Closed form solution for recurrence relation with 2 variables

Question

Please help me in finding the closed form solution for the recurrence relation : \begin{align*} f(n, d) &= 2 \sum\limits_{i=1}^{n-1} f(i, d-1) + f(n, d-1) \\ & \text{for $n > 1, d > 1$} \\ f(n, 1) &= 2n-1\\ f(1, d) &= 1 \end{align*} I have no idea about how to solve this.
Thanks!

Answer 1

It never hurts to calculate a few values to get an idea of what’s going on:

$$\begin{array}{c|cc} n\backslash d&1&2&3&4\\ \hline 1&1&1&1&1\\ 2&3&5&7&9\\ 3&5&13&25&41\\ 4&7&25&63&129\\ 5&9&41&129&321 \end{array}$$

This table looks symmetric about the diagonal, or rather, it would if there were an initial $d=0$ column of ones. In fact, the $d=1$ column could then be calculated from the $d=0$ column by the same recurrence that we already have. Finally, it makes sense to shift the row indices down by $1$ to match the column indices:

$$\begin{array}{c|cc} n\backslash d&0&1&2&3&4\\ \hline 0&1&1&1&1&1\\ 1&1&3&5&7&9\\ 2&1&5&13&25&41\\ 3&1&7&25&63&129\\ 4&1&9&41&129&321 \end{array}\tag{1}$$

This table is for $a(n,d)$, where $n,d\ge 0$, $a(0,n)=a(n,0)=1$, and

$$a(n+1,d+1)=2\sum_{k=0}^na(k,d)+a(n+1,d)\;,$$

so that $f(n,d)=a(n-1,d)$.

If you stare at the second table for a bit, you may notice that each entry appears to be the sum of the entry to its left, the entry above it, and the entry immediately above and to its left; for instance, $129=63+41+25$. This suggests that we may have a simpler recurrence here:

Claim: $a(n+1,d+1)=a(n+1,d)+a(n,d)+a(n,d+1)$ for all $n,d\ge 0$.

Proof:

$$\begin{align*} a(n+1,d+1)&=a(n+1,d)+2\sum_{k=0}^na(k,d)\\ &=a(n+1,d)+2\sum_{k=0}^{n-1}a(k,d)+2a(n,d)\\ &=a(n+1,d)+a(n,d)+2\sum_{k=0}^{n-1}a(k,d)+a(n,d)\\ &=a(n+1,d)+a(n,d)+a(n,d+1)\;. \end{align*}$$

In fact, if we agree that $a(n,d)=0$ whenever $n<0$ or $d<0$, we can simply set $a(0,0)=1$ and derive all other values from the new recurrence. (By the way, it’s easy now to verify the symmetry $a(n,d)=a(d,n)$ that we noticed initially.)

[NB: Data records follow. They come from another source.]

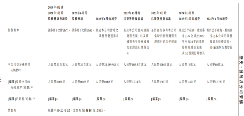 招股书显示,2023年3月,公司估值仅为4亿元。但到了2025年4月,其估值就已经飙升至60亿元,短短两年内增长了14倍。
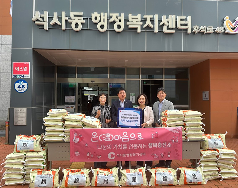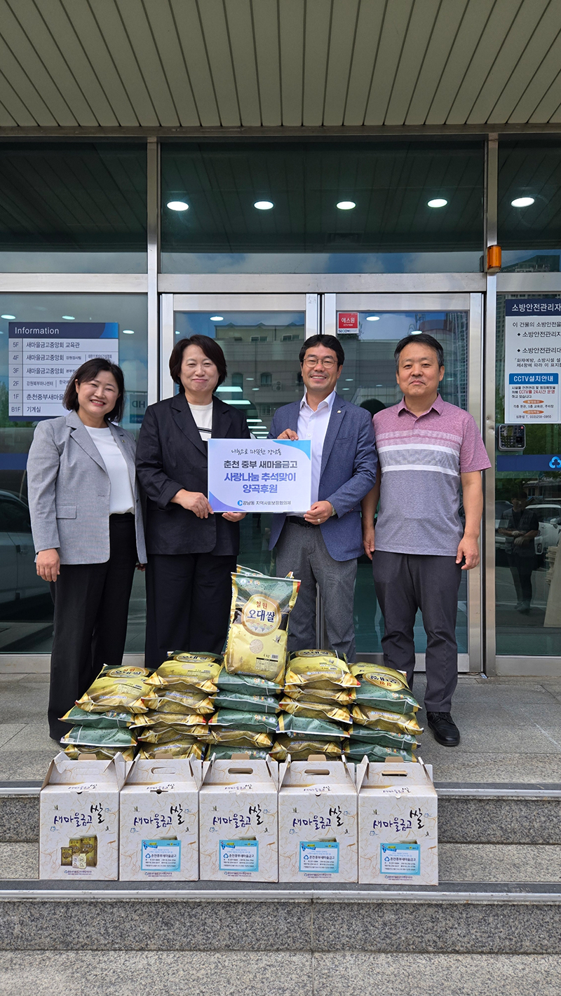 춘천중부새마을금고(이사장 이계영)는 9월 25일 추석을 맞아 취약계층을 위해 양곡 4kg 30포(60만 원 상당)를 △강남동지역사회보장협의체 △효자1동행정복지센터에 전달했다.
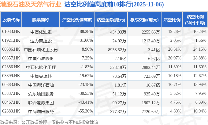 从沽空比例偏离度来看,中石化油服、达力普控股、中国石油化工股份沽空比例偏离度位居行业前三,分别为88.28%、31.66%、8.96%。
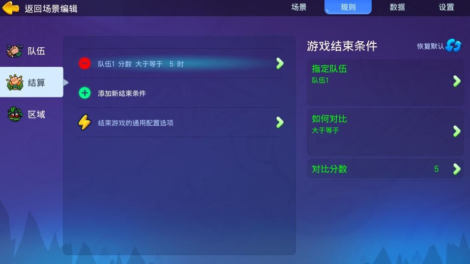 在结算的通用配置中,可以设置游戏时长(1-10分钟)、排名规则,此外还可添加新的结束条件。
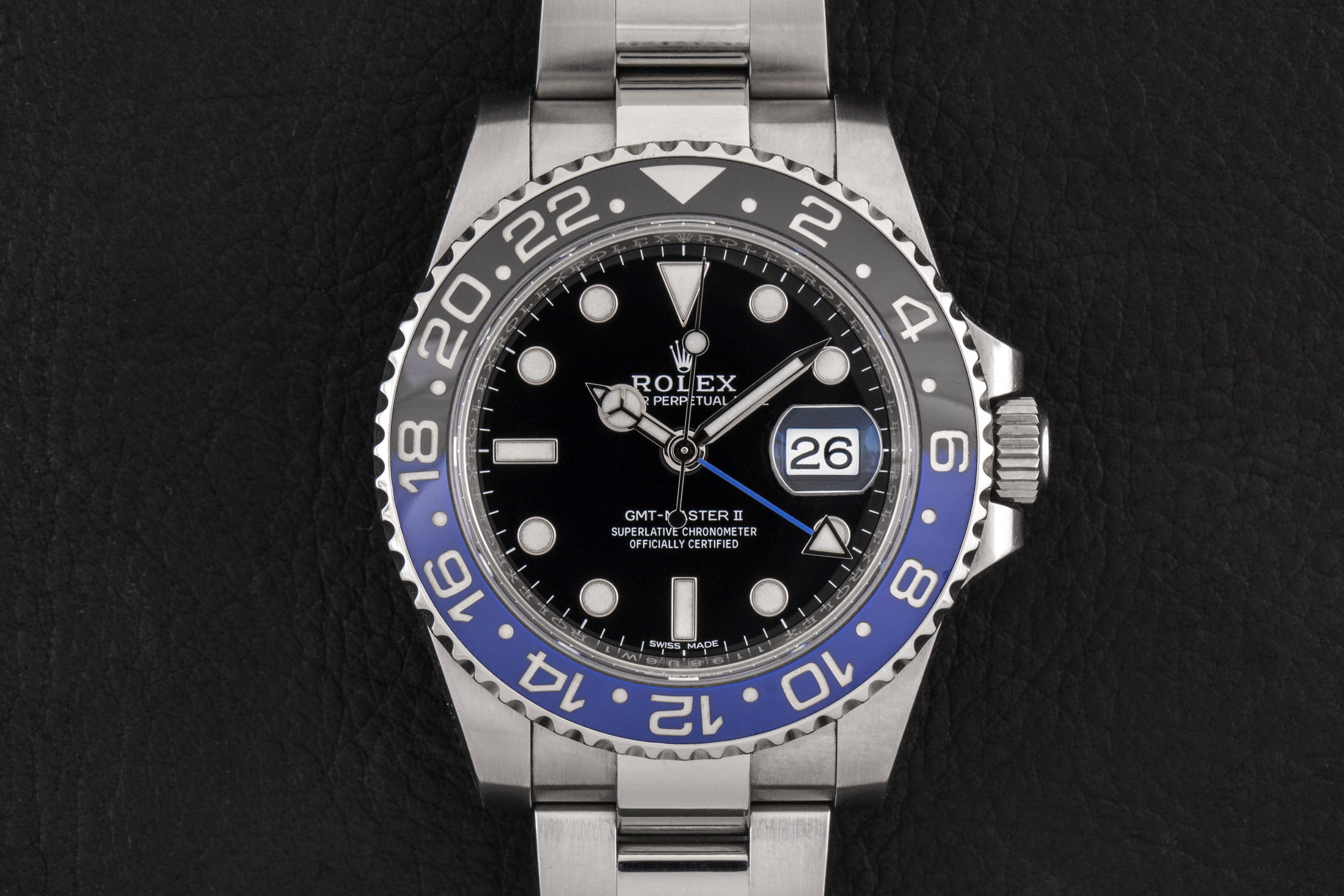 Циферблат GMT‑Master II с традиционными стрелками часов, минут и секунд, 24‑часовой стрелкой с треугольником на конце и вращающимся в двух направлениях безелем с градуированной 24‑часовой шкалой на диске Cerachrom отображает местное и справочное время или местное время и время любого другого часового пояса.Калибр 3285 часов GMT‑Master II оснащен механизмом, который позволяет свободно устанавливать местное время с помощью заводной головки, не останавливая при этом часы и ход 24‑часовой стрелки. Поэтому обладатели этих часов могут одновременно читать как местное время, так и время домашнего региона.
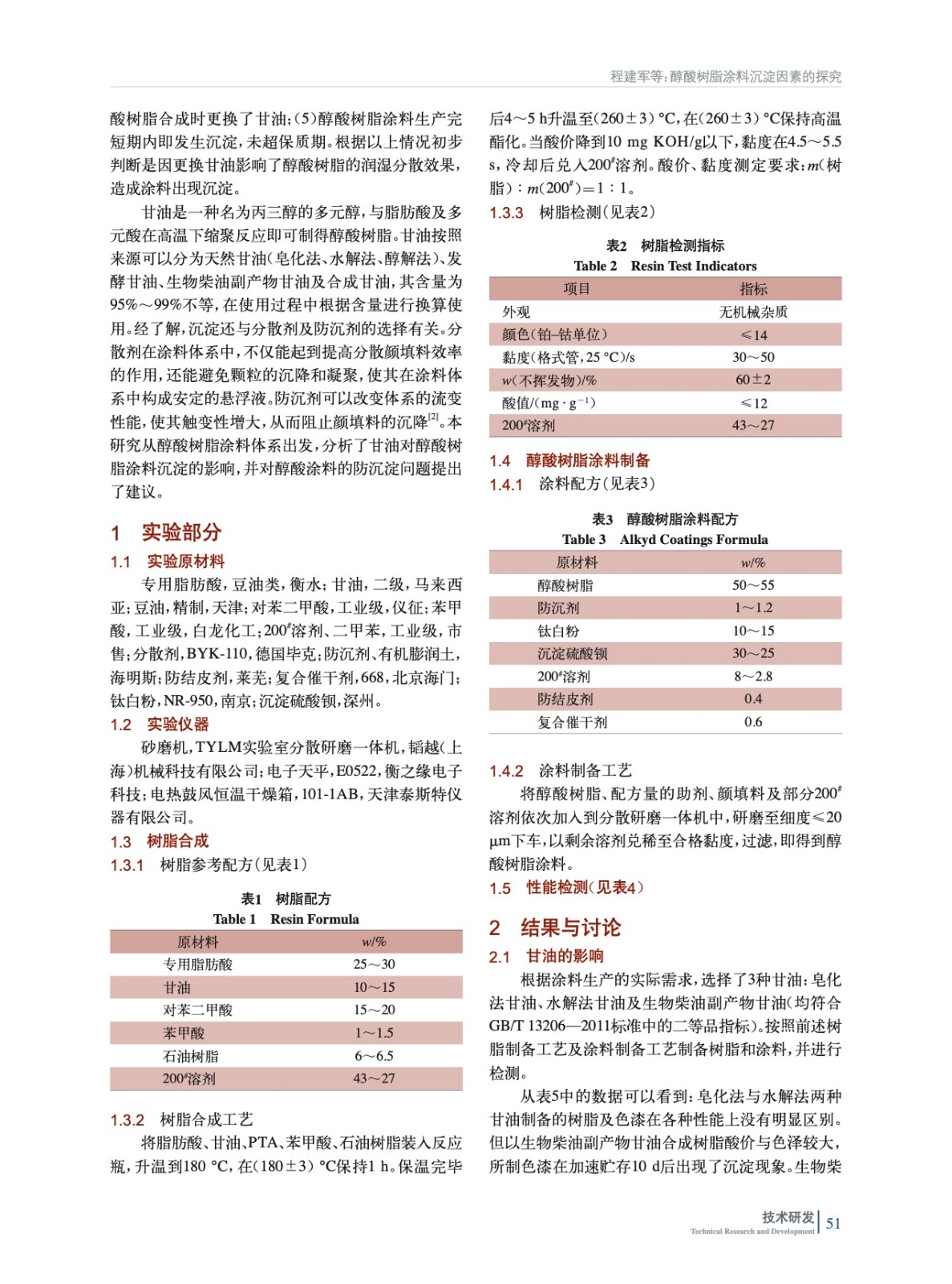 針對醇酸樹脂涂料的沉淀現象進行了分析,并對甘油種類對醇酸樹脂及涂料的影響、分散劑及防沉劑對醇酸樹脂涂料沉淀的影響進行了考察。對實驗結果進行了討論,并對醇酸涂料的防沉淀問題提出了建議。

If you rotate the array 45° clockwise, it looks a bit like the usual isosceles form of Pascal’s triangle, except that each entry is the sum of the nearest numbers above and to the left, above and to the right, and directly above:

$$\begin{array}{ccc} &&&&&&1\\ &&&&&1&&1\\ &&&&1&&3&&1\\ &&&1&&5&&5&&1\\ &&1&&7&&13&&7&&1\\ &1&&9&&25&&25&&9&&1\\ 1&&11&&41&&63&&41&&11&&1 \end{array}$$

If you enter the first five rows of that triangle into OEIS, you get three hits, of which the first proves to be exactly what’s wanted: we have OEIS A008288, and $(1)$ is the square array of Delannoy numbers, and the OEIS entry has numerous references and links. The Wikipedia entry offers the formulas

$$a(n,d)=\sum_k\binom{n+d-k}n\binom{d}k\;,\tag{2}$$

where the non-zero terms are those for which $0\le k\le\min\{n,d\}$.

To prove all this, first verify that $a(n,d)$ really is the number of lattice paths from $\langle 0,0\rangle$ to $\langle n,d\rangle$ using only unit steps to the east, to the north, and to the northeast; this is easily done by induction using the recurrence in the Claim. Then, as in the Wikipedia article, observe that if you use $k$ diagonal (northeast) steps, you must use $n-k$ steps to the east and $d-k$ to the north. These $n+d-k$ steps can be made in any order, so there are

$$\binom{n+d-k}{k,n-k,d-k}=\binom{n+d-k}n\binom{n}k$$

ways to make them. Summing over $k$ yields $(2)$.

Row (or column) $n$ of $(1)$ is given by a polynomial of degree $n$, but I don’t know of an actual closed form for these numbers (meaning one that does not involve a summation).